The Master's shaggy eyebrows lowered. He towered above the other like the Muir Pike above its surrounding hills.

“Wha, ye ask?” he replied coldly, “and I answer you. Your Red Wull, M'Adam, your Red Wull. It's your Wull's the Black Killer! It's your Wull's bin the plague o' the land these months past! It's your Wull's killed ma sheep back o'yon!”

At that all the little man's affected good-humor fled.

“Ye lee, mon! ye lee!” he cried in a dreadful scream, dancing up to his antagonist. “I knoo hoo 'twad be. I said so. I see what ye're at.
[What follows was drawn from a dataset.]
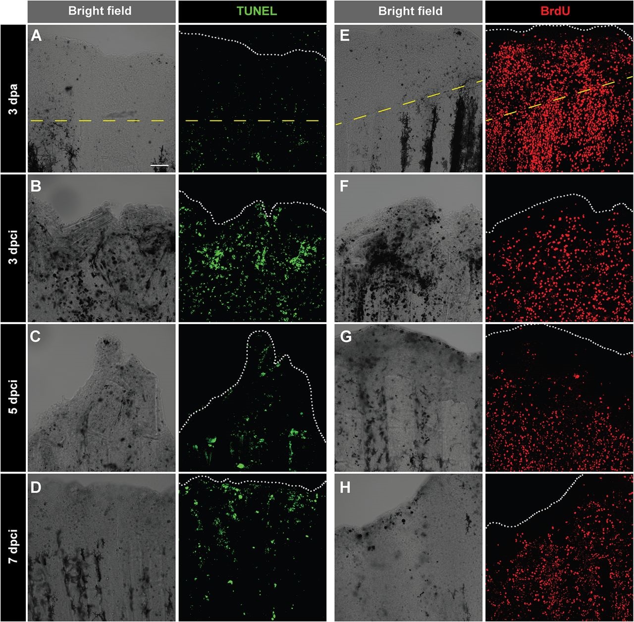 Enhanced cell proliferation and upregulation of tissue remodelling protein during regeneration of cryoinjured fins. (A-D) TUNEL labelling (green) of whole-mount fins at 3dpa (A) and at different time points after cryoinjury (B-D). At 3dpa (A), TUNEL staining is nearly absent. At 3dpci (B), 5dpci (C) and 7dpci (D), tissue debris (dark structures in bright-field images) are associated with TUNEL-positive cells. (E-H) Immunodetection of BrdU (red) in whole-mount caudal fins at 3dpa (E) and at different time points after cryoinjury (F-H). As compared to 3dpa (E), BrdU-incorporation is lower in cryoinjured fins at 3dpci (F), especially at the position of necrotic cells (dark regions in the bright-field). Cell proliferation becomes more abundant at 5dpci (G) and 7dpci (H). The dashed yellow line indicates the plane of amputation. The edge of the fin is indicated with a white dotted line. N=5. Scale bar=100µm.

Ye've found at last—blind that ye've been!—that it's yer ain hell's tyke that's the Killer; and noo ye think by yer leein' impitations to throw the blame on ma Wullie. Ye rob me o' ma Cup, ye rob me o' ma son, ye wrang me in ilka thing; there's but ae thing left me—Wullie. And noo ye're set on takin' him awa'. But ye shall not—I'll kill ye first!”

He was all a-shake, bobbing up and down like a stopper in a soda-water bottle, and almost sobbing.

“Ha' ye no wranged me enough wi' oo that? Ye lang-leggit liar, wi' yer skulkin murderin' tyke!” he cried. “Ye say it's Wullie. Where's yer proof?”—and he snapped his fingers in the other's face.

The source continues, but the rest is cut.